There’s no denying it: beginners who have just entered the business world may find most of the topics in the field a bit confusing, such as the various types of variables — which is completely understandable. Some topics are easier than they seem, and over time, you’ll master them.
Variables are information or characteristics that you want to measure in a given group of people during market research or data analysis . Therefore, in this post, we will explain in a simple way what variables are, their different types and series, in addition to showing how these concepts can be essential for your success. Check it out!
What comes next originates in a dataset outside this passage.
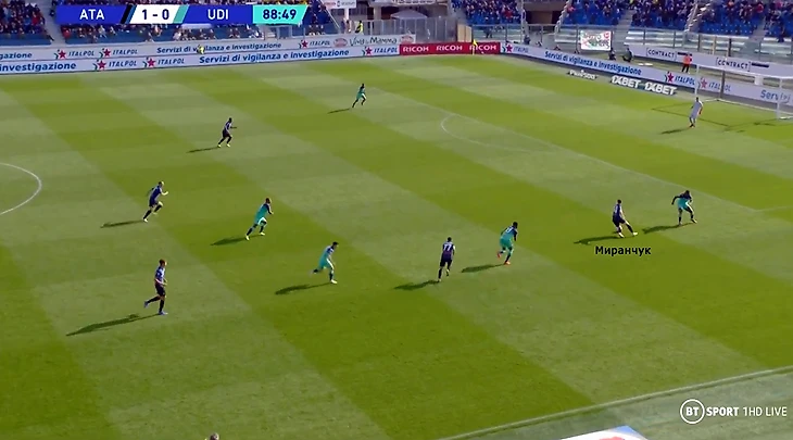 В этом плане показателен эпизод в концовке игры с «Удинезе». Миранчук перехватил неудачный пас и остался один на один с центрбеком. Слева вбегал Муриэль, оттягивая второго центрбека, а между ними зиял пустой центр.

Types of variables in data analysis
The concept of variables is simple, but it can be scary for some people, as they originated in the field of Statistics. To understand how they work, it is necessary to know that there are two groups of variables: quantitative and qualitative. Check them out:
What is a quantitative variable?
The quantitative variable was created to explain numerical quantities and is the specific value or characteristic of a variable that is sought to be analyzed in a study. It is divided into 2 groups:
1. Discrete variable
This group corresponds to numbers without decimals, that is, whole or natural numbers. The discrete variable is only used when the person wants to know the exact value of something. Example:
How many bathrooms does your house have? Answer: 3.
2. Continuous variable
In the continuous variable group, the numbers correspond to decimals , that is, they are separated by commas. Below is an example of a question for this group:
How tall are you? Answer: 1.86.
What is a qualitative variable?
Technically, qualitative variables are represented by words and worked with a quality, being the opposite of what was seen previously with the other group. Here, it is also divided into 2 groups:
1. Nominal variable
There is no hierarchy between possible categories, such as gender, age, marital status, or who comes last and who comes first . Example:
There is no difference between someone who has a disease and someone who does not have a disease.
2. Ordinal variable
This type is a variation of the previous one, since it hierarchizes an order according to the characteristics of the group. Organizing in this way is great for allowing a deep level of applied study and makes it easier to detail market research in the near future. Example:
Individuals’ titles: no degree, graduate, master, doctor and post-doctor.
3. Dichotomous variable
A dichotomous variable is classified as a correspondence between only one answer and two alternatives — in this case, the person responding cannot choose more than one option.
4. Polytomous variable
This type of variable is completely different from the previous one. Here, there are several options for just one answer. Check out an example:
Is your car brand Fiat, Toyota, KIA, Hyundai ? Answer: Toyota.
What are the types of data series and analysis?
For accurate data analysis, it is important that the types of series are taken into account, namely categorical, geographic and temporal:
- Categorical series: this series represents statistics that can be separated into specific categories, such as market sectors and product types;
- Geographic series: as the name suggests, this group covers different geographic locations, such as data by location;
- Time series: With monthly or annual sales, a time series is one in which data is collected and recorded at regular intervals of time.
Other types of variables
There are other types of variables, but it is essential to know that the most common variables are classified as qualitative and quantitative, as seen previously. For greater understanding, a classification can also occur with other types of variables that are not under analysis. Understand:
1. Independent variable
This type of variable may undergo changes throughout the study and is related to factors that can be controlled by the market, such as the price of products, the implementation of promotions and the contribution of elements to the result .
2. Dependent variable
Dependent variables are the result of independent variables. Examples of this include increased purchase conversion, large number of transactions, profit and inflation.
3. Moderating or mediating variable
Acting between the independent and dependent variables, the moderating variable ends up being influenced by these two classes. For example, this type of variable is used when the objective of the study is to better understand the customer’s attitude, as well as the intentions behind their purchase.
How important is it to correctly classify variable types?
Firstly, being able to correctly identify the type of variable in focus and its series is essential to execute precise data analysis techniques and ensure that your establishment has market intelligence .
This identification has a positive impact on all stages of the process, from data collection and validation to the choice of modeling techniques and presentation of results through clear and effective visualization.
Secondly, the relationship between series and variables means that identifying patterns and trends in the data can provide insights for important decision-making . When there is an understanding that these two groups are interconnected, it is possible to use specific techniques to take the efficiency of data analysis to another level. In short:
- Perform good data visualization, modeling and processing techniques;
- Ensure that the popularity and accuracy of data analysis happens;
- Extract the most important insights and make the most of available data to ensure accurate decision-making.
Mastering variable types and series: why is it so important?
To obtain effective and consistent data analysis, it is essential to master the types of variables and series. These two practices are essential for relevant and profitable results. With the expertise to know how to extract important insights for the business, the reward in the decision-making of organizations will be a success.
Understanding the different types of variables and series can make your data analysis more successful. Identifying and applying the types of variables is essential for performing detailed analyses and understanding more accurately the trends and patterns that appear in the data.